# [Assignment]
Images should be omitted while the rest of the data is duplicated exactly.

# [Data provided]
_ _ _ _
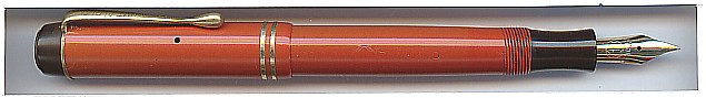 | # A008DK MontBlanc 4, Druckknopffüller, rot - Push-knob Filler, Denmark, red, 1937-1946 |
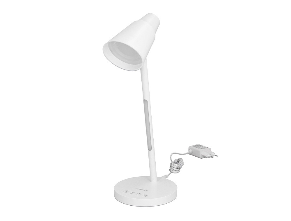 Lámpara de escritorio Q-Connect. Fabricada en ABS y aluminio con acabado mate. Potencia de 6W, 32 LEDs y un flujo luminoso de 360 lúmenes. Temperatura de color (CCT) ajustable: 3000K (luz cálida), 4000K (luz neutra) y 6300K (luz fría), con un índice de reproducción cromática (CRI) de 80 para unailuminación precisa. Sensor táctil para encendido/apagado. Incluye funció n luz nocturna para ambientes relajados. Cabeza orientable con 1 articulación. Cable de 130 mm. Certificados CE y RoHS. Medidas 146x132x297 mm. Peso698 gramos.)
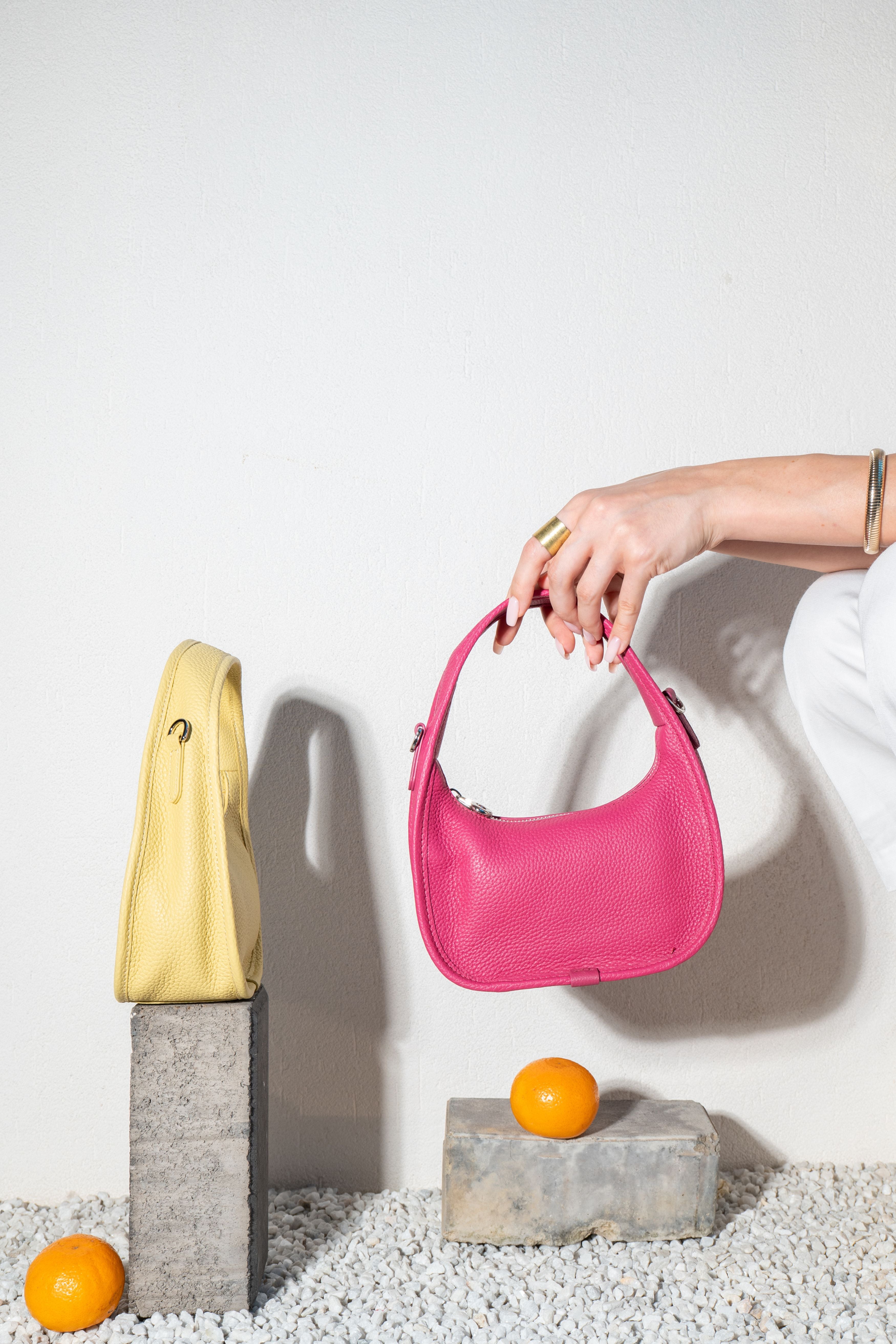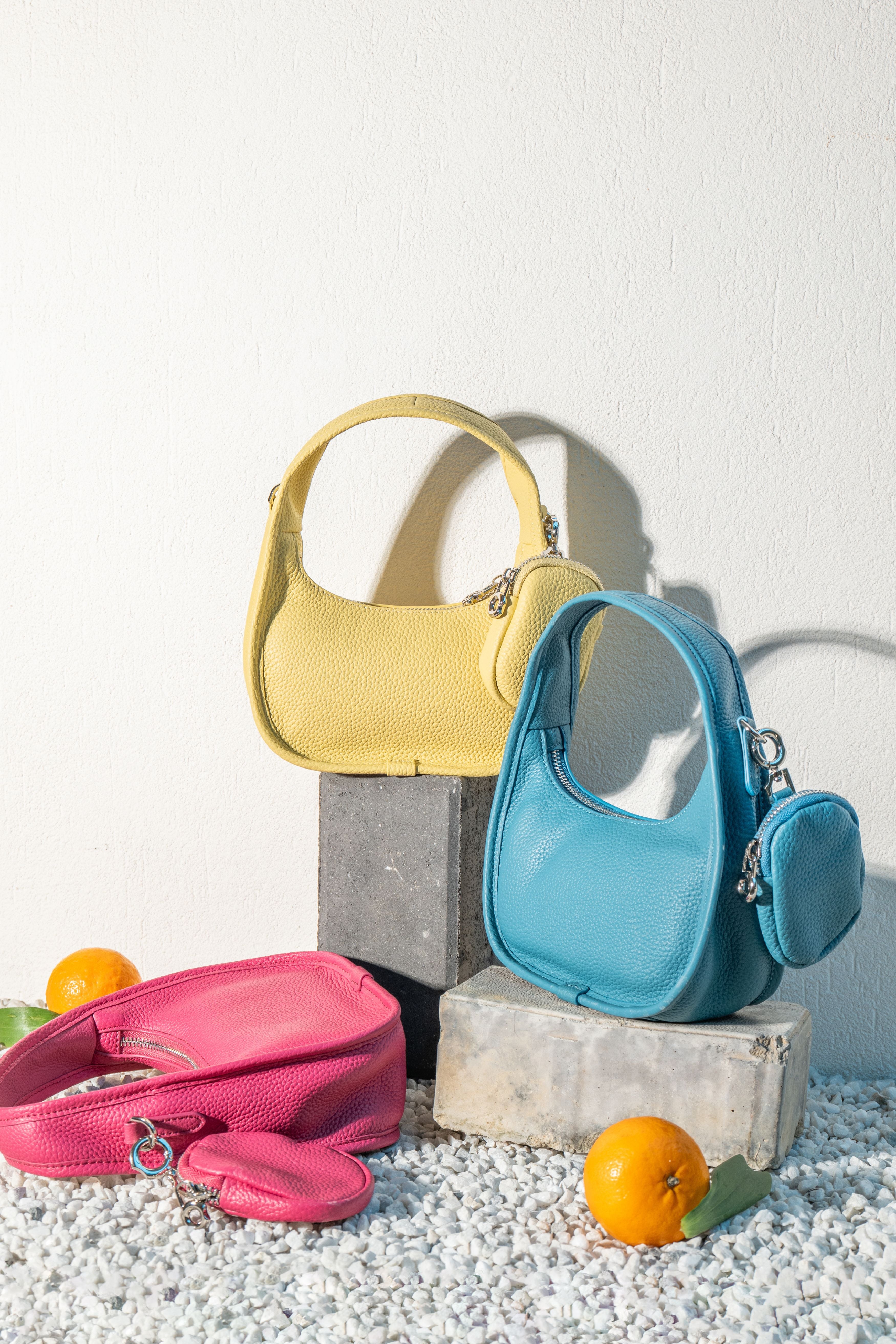 Meet our newest obsession, Jolie - the candy pop Leather Hobo Bag, designed for women who love their everyday accessories bold, functional, and full of personality. Highlights: 1. Soft, durable pebble grain leather in vibrant candy tones 2. Cute hanging Air Pods case included 3. One zippered and one open inside pocket 4. Detachable sling for versatile styling 5. Comes with our signature cotton dust bag
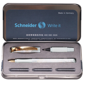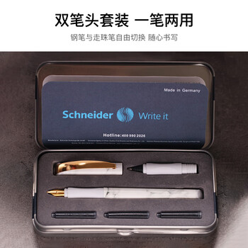施耐德(Schneider)钢笔宝珠笔直液式套装 双笔尖两用签字笔 男女生日礼物 云石系列-古兰丹白
_ _ _ _
# [Answer]
 | # A008DK MontBlanc 4, Druckknopffüller, rot - Push-knob Filler, Denmark, red, 1937-1946 |
 Lámpara de escritorio Q-Connect. Fabricada en ABS y aluminio con acabado mate. Potencia de 6W, 32 LEDs y un flujo luminoso de 360 lúmenes. Temperatura de color (CCT) ajustable: 3000K (luz cálida), 4000K (luz neutra) y 6300K (luz fría), con un índice de reproducción cromática (CRI) de 80 para unailuminación precisa. Sensor táctil para encendido/apagado. Incluye funció n luz nocturna para ambientes relajados. Cabeza orientable con 1 articulación. Cable de 130 mm. Certificados CE y RoHS. Medidas 146x132x297 mm. Peso698 gramos.)
 Meet our newest obsession, Jolie - the candy pop Leather Hobo Bag, designed for women who love their everyday accessories bold, functional, and full of personality. Highlights: 1. Soft, durable pebble grain leather in vibrant candy tones 2. Cute hanging Air Pods case included 3. One zippered and one open inside pocket 4. Detachable sling for versatile styling 5. Comes with our signature cotton dust bag
施耐德(Schneider)钢笔宝珠笔直液式套装 双笔尖两用签字笔 男女生日礼物 云石系列-古兰丹白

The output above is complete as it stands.